Однажды, впервые услышав «Прелюды» Листа, которые так и остались звучать в нем, посеяли странную тревогу, он спустился с галерки в фойе, чтобы постоять у колонны. Вместе с другими молчаливыми молодыми людьми, он прижался к колонне — так, чтобы не выделяться среди соседей, и украдкой стал смотреть на женские лица, которые все еще — и помимо воли притягивали его. Почти у всех самых хорошеньких, были солидные, все время острящие кавалеры. «Смейтесь громче! — подумал Дмитрий Алексеевич. Оснований для тревоги нет! Сам Шутиков, сам Авдиев вас в этом заверяют! Новаторам открыты все пути!»
— У вас всегда такое лицо, что его можно найти, даже если вас не знаешь — по описанию, — услышал он как бы в тумане чей-то голос.
«Да, они слишком спокойны, — думал Дмитрий Алексеевич. — Они могут судить о том, что делается в нашем углу, только по статьям таких безусловных сторонников прогресса, как Шутиков».
— Куда вы смотрите, Дмитрий Алексеевич? — сказал кто-то рядом.
Мысли его спутались. Он несколько секунд боролся с этим насильственным пробуждением и вдруг увидел перед собой красивую, молодую, полненькую девушку с замшевой родинкой на щеке. Он всмотрелся, и произошло чудо девушка эта превратилась в Надежду Сергеевну Дроздову, одетую в строгий, темно-серый с сиреневым отливом костюм.
Дмитрий Алексеевич, как два года назад в Музге, спокойно и прямо посмотрел на нее. Взгляды их на миг столкнулись. Лопаткин почувствовал легкое, приятное удушье, а она покраснела. Может быть, сказалось то, что в памяти Дмитрия Алексеевича еще звучали «Прелюды» — музыка чистая и откровенная. Дмитрий Алексеевич опять посмотрел на Дроздову и даже кашлянул, чтобы заполнить молчание. Она протянула ему теплую, мягкую руку. Он взял эту руку и что-то сказал. Потом Надежда Сергеевна на секунду повернулась, и он увидел ее шею — гордую, белую, как неснятое молоко.
— Вы знаете что… — сказал он. — С вами что-то случилось. Вы, как говорят, расцвели… Вы простите, я просто не узнал вас. Вернее, узнал, но смотрю: не та Надежда Сергеевна.
— Да, — задумчиво сказала она и осторожно высвободила свою руку из его пальцев. — Да, не та… Ну, а как вы? Не потеряли еще голову?
— А что там… Я знал, что будет не сладко. Предвидел все и боли не чувствую.
— Ну-ка пойдемте сюда. В общий хоровод, — она взяла его под руку. Расскажите-ка мне, как дела у вас?. Подробно обо всем. Я вижу костюм…

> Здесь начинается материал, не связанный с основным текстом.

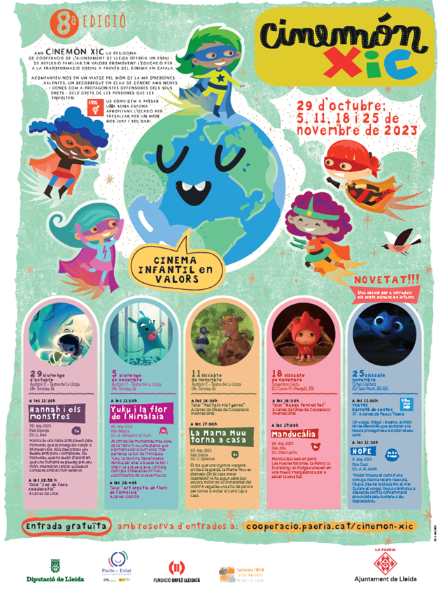 Con CinemónXic la Concejalía de Cooperación del Ayuntamiento de Lleida, da continuidad al proyecto Cinemón, y ofrece un espacio de reflexión familiar dirigido especialmente para el público infantil y juvenil.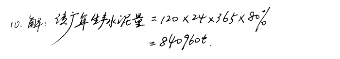 10、某廠水泥磨臺時產(chǎn)量為120t/h,問運(yùn)轉(zhuǎn)率為80%時,該廠一年可以生產(chǎn)多少水泥?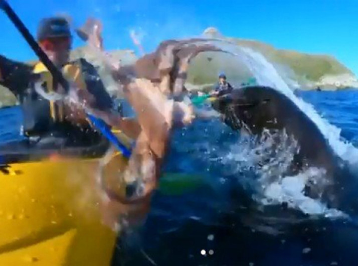 Foca lança polvo na cara de homem em caiaque na Nova Zelândia

— Не только костюм. Есть еще и пальто, и шляпа,
— Ого! Вы теперь богач!
— А история-то какая! — И Дмитрий Алексеевич стал рассказывать историю с шестью тысячами. Сразу куда-то пропали опасные встречи глаз, и «Прелюды» притихли. Теперь Дмитрий Алексеевич говорил товарищу интересные и смешные вещи. А товарищ так и впился в него жадными глазами.
— Иностранная разведка! — говорил Дмитрий Алексеевич. — Ловушка! Старик уперся и никак не хочет брать денег. А я так положил в карман: пока они начнут осуществлять свои планы, мы все проедим…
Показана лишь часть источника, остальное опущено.